CPRFLmethod consists of two sub-networks, namely the prompt initialization (PI) networks and visual-semantic interactions (VSI) network. First, a pre-trainedCLIPtext embedding to initialize thePIcategory cues in the network, using category semantics to encode semantic associations between different categories. Subsequently, these initialized cues are passedVSInetworkingTransformerThe encoder interacts with the extracted visual features. This interaction process helps to decouple the category-specific visual representations, allowing the framework to discriminate the contextually relevant visual information associated with each category. Finally, the similarity between category-specific features and their corresponding cues is computed at the category level to obtain the prediction probability for each category. To mitigate the visual-semantic domain bias, a stepwise two-path backpropagation mechanism, guided by category cue learning, is employed to refine the cues and progressively purify the category-specific visual representations during training iterations. To further address the imbalance between negative and positive samples, a reweighting strategy (i.e., asymmetric loss (ASL)), which helps to suppress negative samples in all categories.

Feature Extraction

Given the data set from\(D\) The input image of the\(x\) First, a backbone network is utilized to extract local image features\(f_{loc}^x \in \mathbb{R}^{h \times w \times d_0}\) which\(d_0,h,w\) denote the number of channels, height and width, respectively. The thesis utilizes a methodology such asResNet-101of the convolutional network and localized features are obtained by removing the last pooling layer. After that, a linear layer is added\(\varphi\) , taking the features from the dimensions\(d_0\) Mapping to dimensions\(d\) , in order to project it into a joint visual-semantic space that matches the dimensionality of the category cue:

\[\begin{equation} \mathcal{F} = \varphi(f_{loc}^x) = \{f_1,f_2,...,f_v\} \in \mathbb{R}^{v \times d}, v = h \times w. \label{eq:1} \end{equation} \]

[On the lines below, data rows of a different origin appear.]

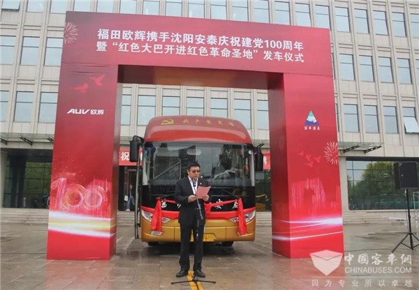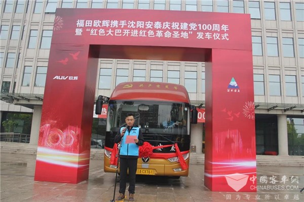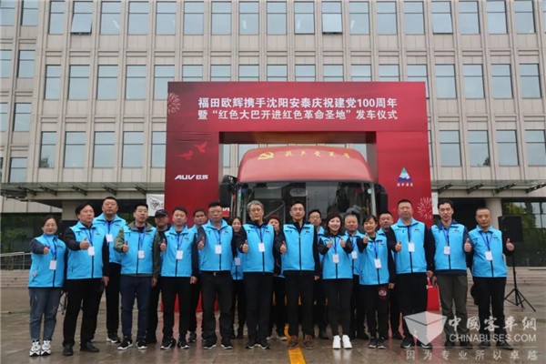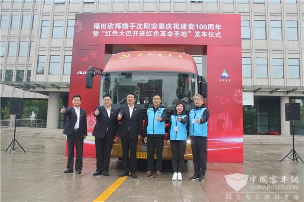 2021年4月22日,福田欧辉携手沈阳安泰庆祝建党100周年暨“红色大巴开进红色革命圣地”活动正式发车。“红色大巴”将先后到访香山革命纪念馆、西柏坡纪念馆、北戴河等革命地标,重温中国共产党光辉的发展历程,全面激发“不忘初心、牢记使命”的创业激情。沈阳安泰旅游汽车有限责任公司董事长王卓,福田汽车集团业务副总裁、欧辉客车事业部党委书记、总裁梁兆文以及福田欧辉和沈阳安泰优秀党员代表及媒体等30余人出席发车仪式。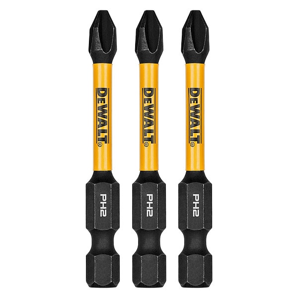 Power Bit, Application - Tools Impact, Bit Style FLEXTORQ(R), Fastening Tool Tip Size PH2, Shank Style Hex, Hex Shank Size 1/4 in, Single End, Fastening Tool Material S2 Steel, Overall Bit Length 2 1/4 in, SAE, Finish Black Manganese Phosphate, Impact Rated Impact Rated, For Use With Drill, Impact Driver, Screwdriver Bit, Package Quantity 3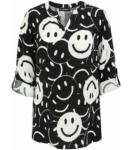 Damen Bluse aus reiner Viskose Tunikaausschnitt 3/4 Ärmel Allover Smiley Print Fließender Fall Gerade Passform Farbbezeichnung: Schwarz / Weiss Material: 100% Viskose ...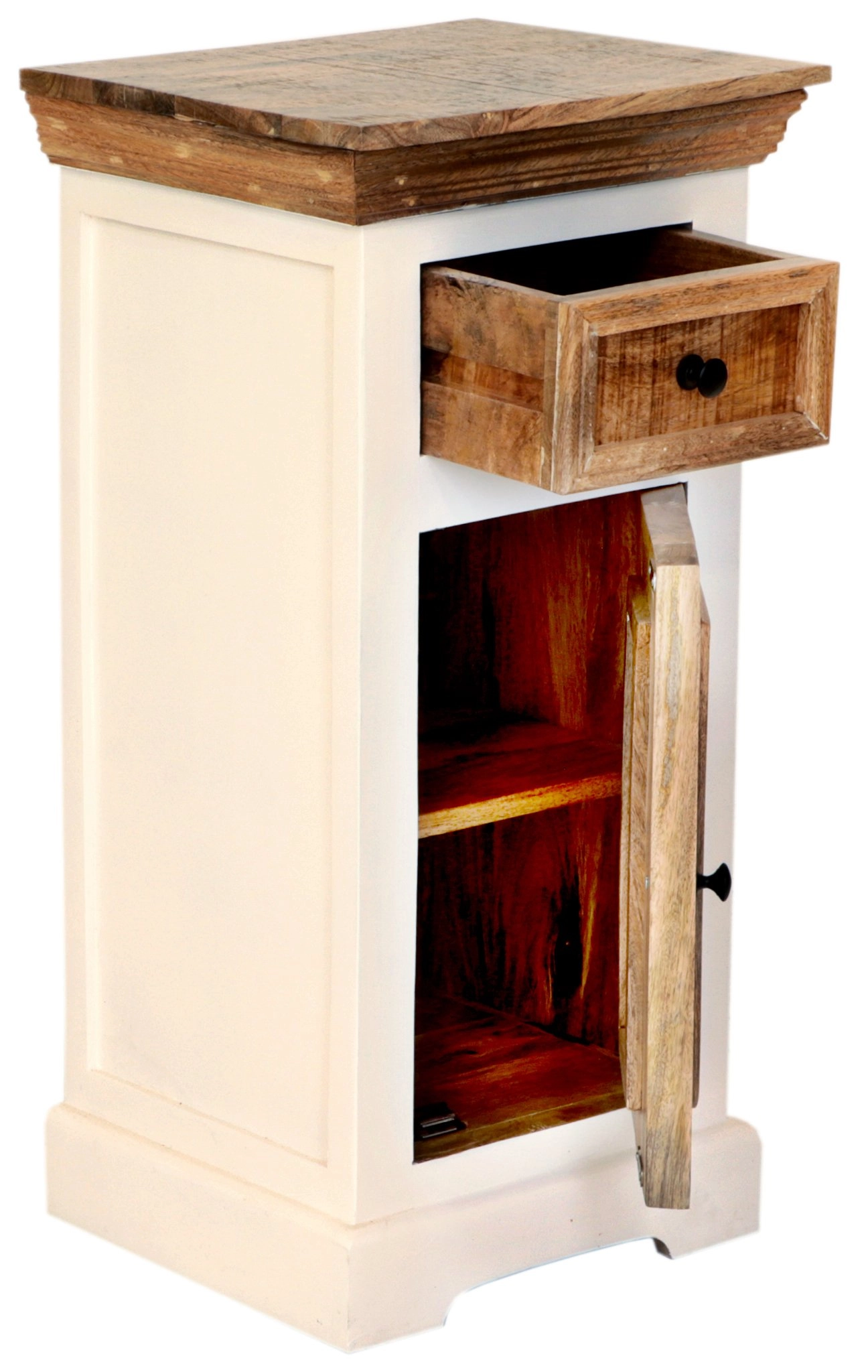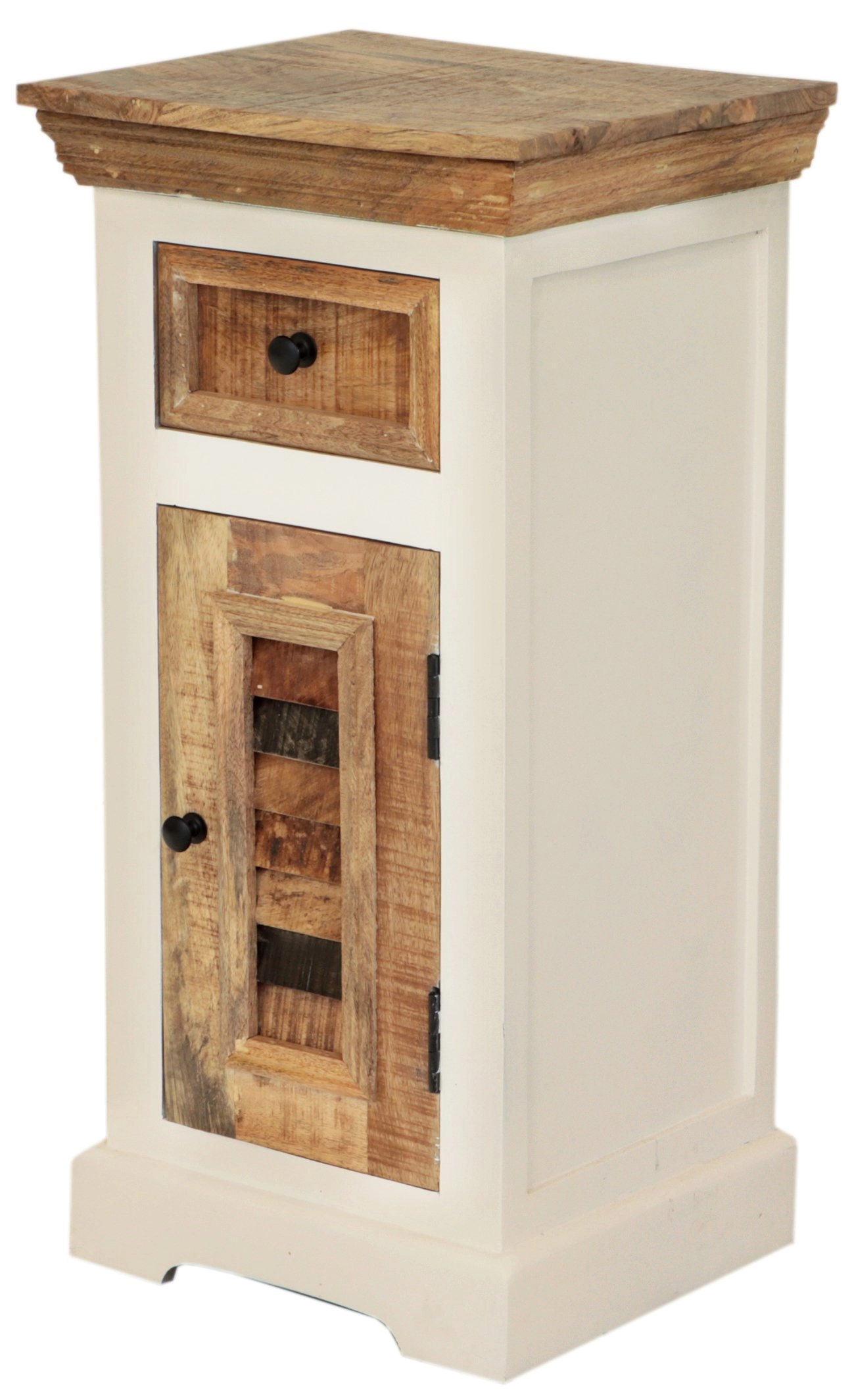 Objevte kouzlo exotiky a elegance s koupelnovou skříňkou z masivu mango o rozměrech 40x80x35 cm. Tato skříňka do koupelny je ideálním řešením pro každého, kdo si přeje dodat své koupelně dotek přirozené krásy a funkčnosti. Mango dřevo pochází z Indie a je známé svou odolností a unikátní texturou, která dodává každému kusu nábytku jedinečný charakter. Tato koupelnová skříňka je navržena s důrazem na praktičnost: nabízí jednu zásuvku a dvířka s prostorným úložným prostorem, kde můžete snadno uložit všechny potřebné koupelnové potřeby. Díky své kompaktní šířce 40 cm a hloubce 35 cm se skříňka vejde i do menších koupelen, zatímco výška 80 cm zajišťuje dostatek úložného prostoru. Spojte design s praktickým využitím a přidejte této krásné indické skříňce místo ve své koupelně!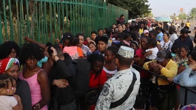 “¿Por quá el presidente de México, Andrés Manuel López Obrador, dice que ayudan a los migrantes? Nosotros no estamos haciendo daño a nadie, aquí no hay agua, comida y dónde hacer las necesidades, tenemos a niños con fiebre, ¿dónde están los derechos humanos?”, denunció.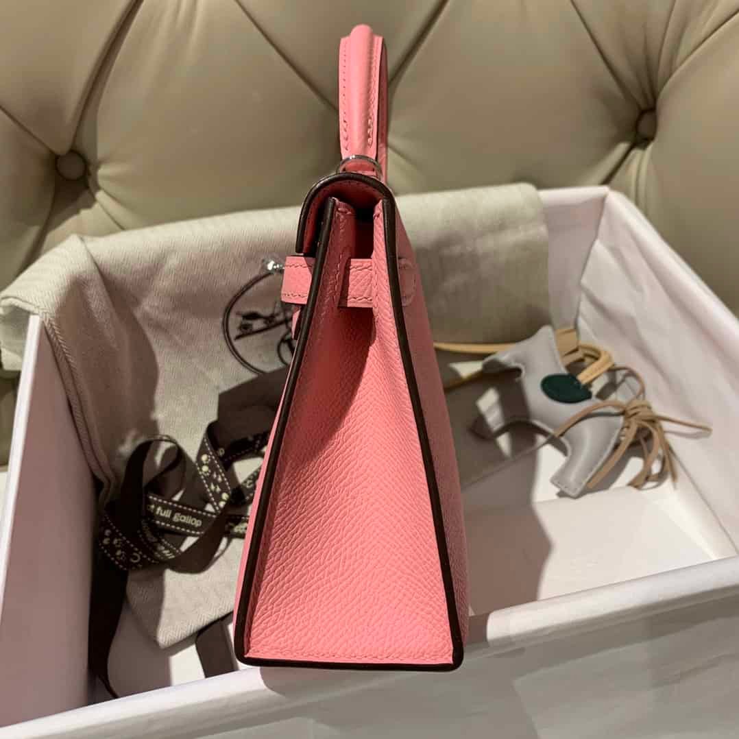 New arrival in stock 1Q milkshake powder Mini 2nd generation 2nd generation original epsom leather silver buckle top full hand-stitched

Using local features, we interact visual-semantic information between them and initial category cues to discriminate category-specific visual information.

Semantic Extraction

Formally, the pre-trainingCLIPIncludes an image encoder\(f(\bullet)\) and a text encoder\(g(\bullet)\) . For the purpose of the paper, only text encoders are utilized to extract category semantics. Specifically, a classical predefined template is used "a photo of a[CLASS]" as the input text for the text encoder. The text encoder then takes the input text (category\(i\) ， \(i=1,...,c\) ) mapping to text embedding\(\mathcal{W} = g(i) =\{w_1,w_2,...,w_c\}\in \mathbb{R}^{c \times m}\) which\(c\) denoting the number of categories.\(m\) denotes the dimension length of the embedding. The extracted text embeddings are used as the category semantics for initializing the category cues.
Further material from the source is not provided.